**What to work on:**
When the line with "20種類もある豊富なデザイン" appears below, start repeating lines exactly, and keep going through the line with "ГП Катара 2022: подиум"; add nothing outside that span.
━━ Entries provided ━━
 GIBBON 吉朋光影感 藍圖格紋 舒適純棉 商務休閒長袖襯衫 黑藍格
━━━
━━ Entries provided ━━
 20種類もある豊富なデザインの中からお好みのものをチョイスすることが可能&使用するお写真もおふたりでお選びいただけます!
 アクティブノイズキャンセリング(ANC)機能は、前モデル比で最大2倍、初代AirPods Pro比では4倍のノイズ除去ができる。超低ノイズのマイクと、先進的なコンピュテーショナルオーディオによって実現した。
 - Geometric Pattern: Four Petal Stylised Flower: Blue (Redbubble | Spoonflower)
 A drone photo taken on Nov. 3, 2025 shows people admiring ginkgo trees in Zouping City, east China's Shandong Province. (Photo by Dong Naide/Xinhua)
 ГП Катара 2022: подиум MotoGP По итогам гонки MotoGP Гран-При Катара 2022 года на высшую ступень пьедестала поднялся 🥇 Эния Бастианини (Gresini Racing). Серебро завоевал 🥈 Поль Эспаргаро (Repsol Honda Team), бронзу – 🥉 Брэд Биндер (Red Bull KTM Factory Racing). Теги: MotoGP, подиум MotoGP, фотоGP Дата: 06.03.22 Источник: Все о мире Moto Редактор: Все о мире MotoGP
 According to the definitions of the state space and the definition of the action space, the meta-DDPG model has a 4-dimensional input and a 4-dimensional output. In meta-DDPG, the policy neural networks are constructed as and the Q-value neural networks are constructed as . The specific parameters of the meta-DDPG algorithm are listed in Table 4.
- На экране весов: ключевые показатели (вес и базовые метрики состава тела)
━━━
━━ Entries provided ━━
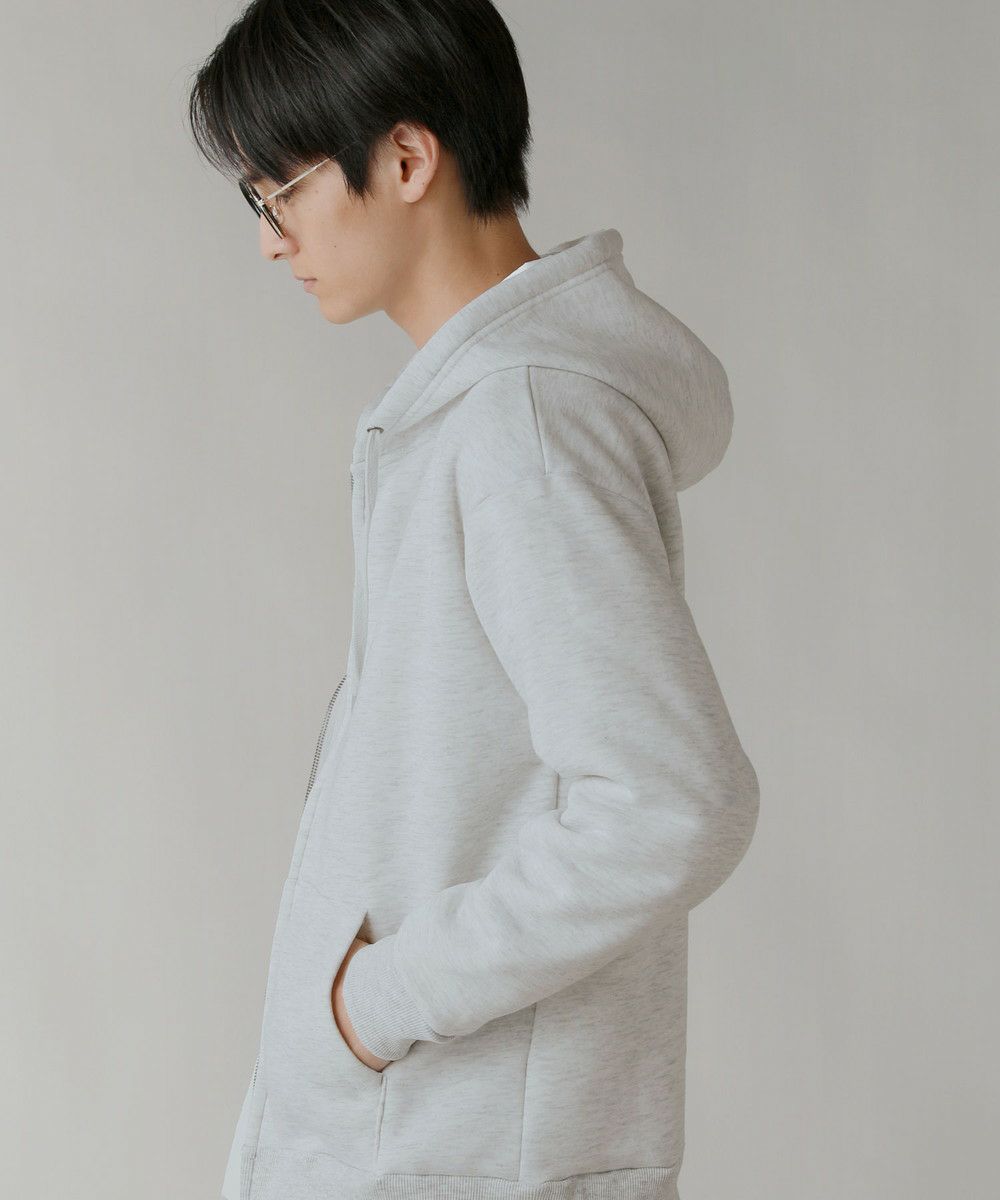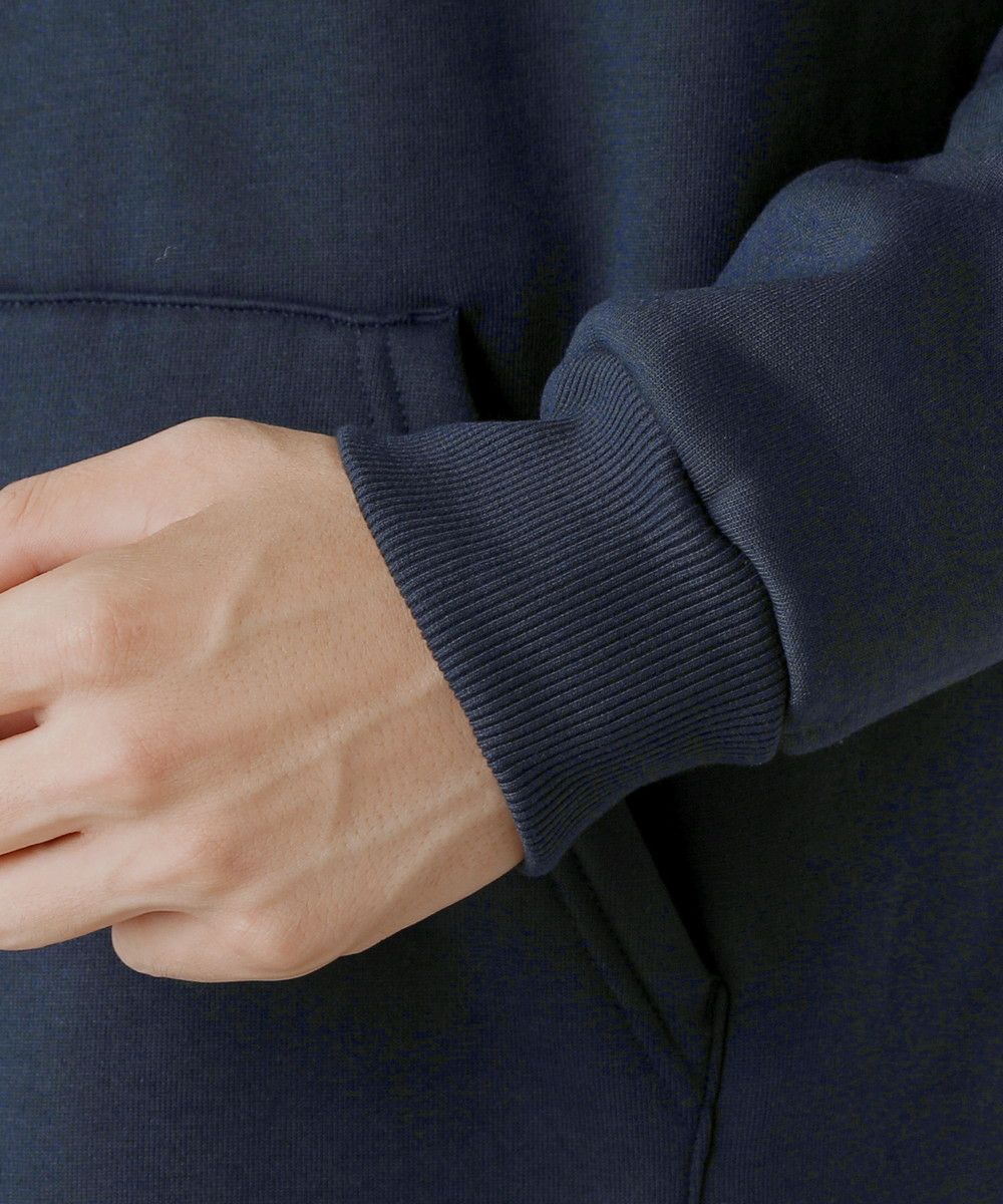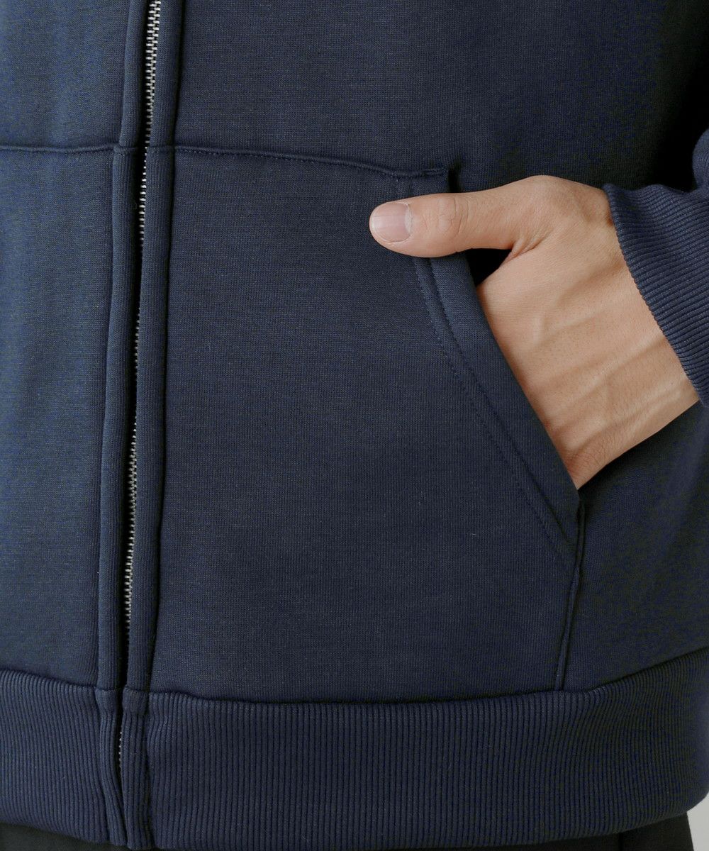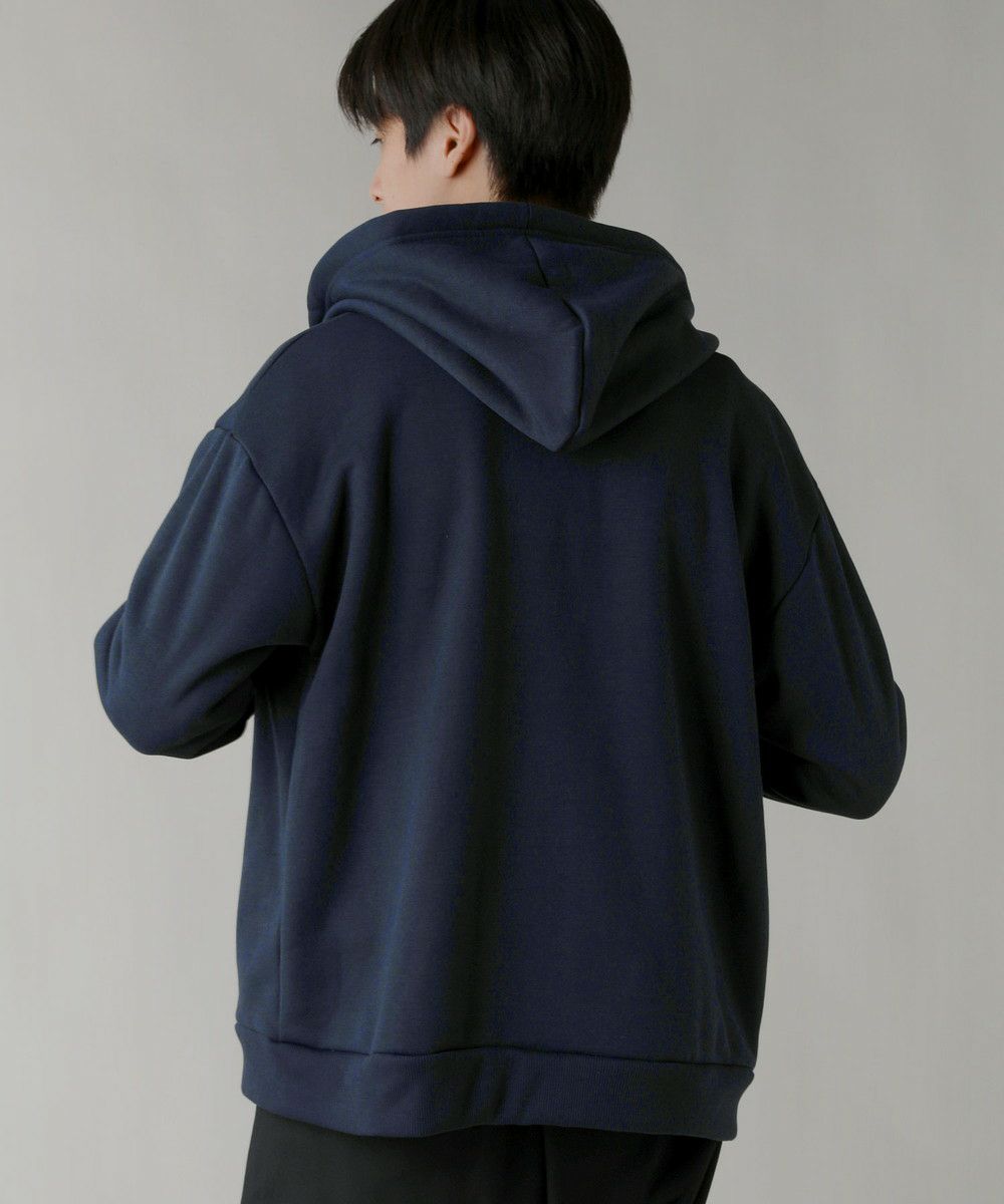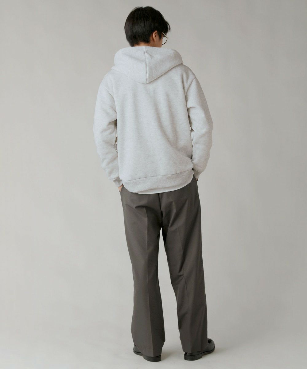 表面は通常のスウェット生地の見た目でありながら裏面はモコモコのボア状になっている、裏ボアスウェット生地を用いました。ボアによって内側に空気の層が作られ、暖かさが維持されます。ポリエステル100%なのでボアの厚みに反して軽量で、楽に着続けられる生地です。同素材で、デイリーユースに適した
━━━
**Answer for the task:**
 20種類もある豊富なデザインの中からお好みのものをチョイスすることが可能&使用するお写真もおふたりでお選びいただけます!
 アクティブノイズキャンセリング(ANC)機能は、前モデル比で最大2倍、初代AirPods Pro比では4倍のノイズ除去ができる。超低ノイズのマイクと、先進的なコンピュテーショナルオーディオによって実現した。
 - Geometric Pattern: Four Petal Stylised Flower: Blue (Redbubble | Spoonflower)
 A drone photo taken on Nov. 3, 2025 shows people admiring ginkgo trees in Zouping City, east China's Shandong Province. (Photo by Dong Naide/Xinhua)
 ГП Катара 2022: подиум MotoGP По итогам гонки MotoGP Гран-При Катара 2022 года на высшую ступень пьедестала поднялся 🥇 Эния Бастианини (Gresini Racing). Серебро завоевал 🥈 Поль Эспаргаро (Repsol Honda Team), бронзу – 🥉 Брэд Биндер (Red Bull KTM Factory Racing). Теги: MotoGP, подиум MotoGP, фотоGP Дата: 06.03.22 Источник: Все о мире Moto Редактор: Все о мире MotoGP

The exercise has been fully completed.